ReplCache is experimental, and serves as a prototype to play with data partitioning/striping for JBossCache.
ReplCache is in the JGroups CVS (head) and the code can be downloaded here. To run the demo, execute:
java -jar replcachedemo.jar

For the technical details, the design is here.

There is a nice 5 minute demo at http://www.jgroups.org/demos.html.

Feedback is appreciated, use the JGroups mailing lists !

Enjoy !

Monday, January 05, 2009

JGroups 2.7 released

Finally, after almost a year of development, I released 2.7.0.GA this morning. It can be downloaded from http://sourceforge.net/project/showfiles.php?group_id=6081&package_id=94868&release_id=651542.

Although 2.7 has 211 JIRA issues (bugfixes, tasks or features), most of the bugs have been back ported to the 2.6 branch. Why ? Because 2.6.7 is the version that ships with JBoss 5, and we made sure JGroups works optimally with it.

So what's new ?

There are almost no new features ! (Can you tell I'm not a marketing person ? :-))

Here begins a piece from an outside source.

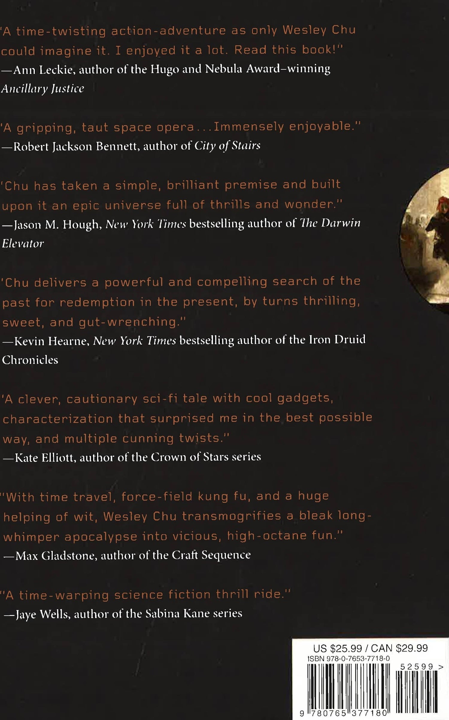 Time Salvager: a fast-paced time travel adventure from Wesley Chu, the award-winning author of The Lives of Tao. In a future when Earth is a toxic, abandoned world and humanity has spread into the outer solar system to survive, the tightly controlled use of time travel holds the key maintaining a fragile existence among the other planets and their moons. James Griffin-Mars is a chronman--a convicted criminal recruited for his unique psychological makeup to undertake the most dangerous job there is: missions into Earth's past to recover resources and treasure without altering the timeline. Most chronmen never reach old age, and James is reaching his breaking point. On a final mission that is to secure his retirement, James meets an intriguing woman from a previous century, scientist Elise Kim, who is fated to die during the destruction of an oceanic rig. Against his training and his common sense, James brings her back to the future with him, saving her life, but turning them both into fugitives. Remaining free means losing themselves in the wild and poisonous wastes of Earth, and discovering what hope may yet remain for humanity's home world.

Most work (besides bug fixes) went into refactoring, e.g. we converted our test suite from JUnit to TestNG, allowing for parallel test execution and thus reduced our testing time from 2.5 hours to 15 minutes !

Another change was that all properties are now set using JSR 175 annotations, so we could remove a lot of boilerplate code from protocol implementations. In my opinion, the more code I can remove (without impacting functionality), the better !

Using annotations for properties also allows us to automatically generate documentation for the properties of all protocols.

I also marked unsupported or experimental classes/methods with @Unsupported or @Experimental annotations.

We were able to increase performance a bit, compared to 2.6, but 2.6 is already quite fast, so unless you need those additional 5-10%, go for 2.6.7.

In a nutshell, 2.7 serves as the groundwork for 2.8, which will have many new features.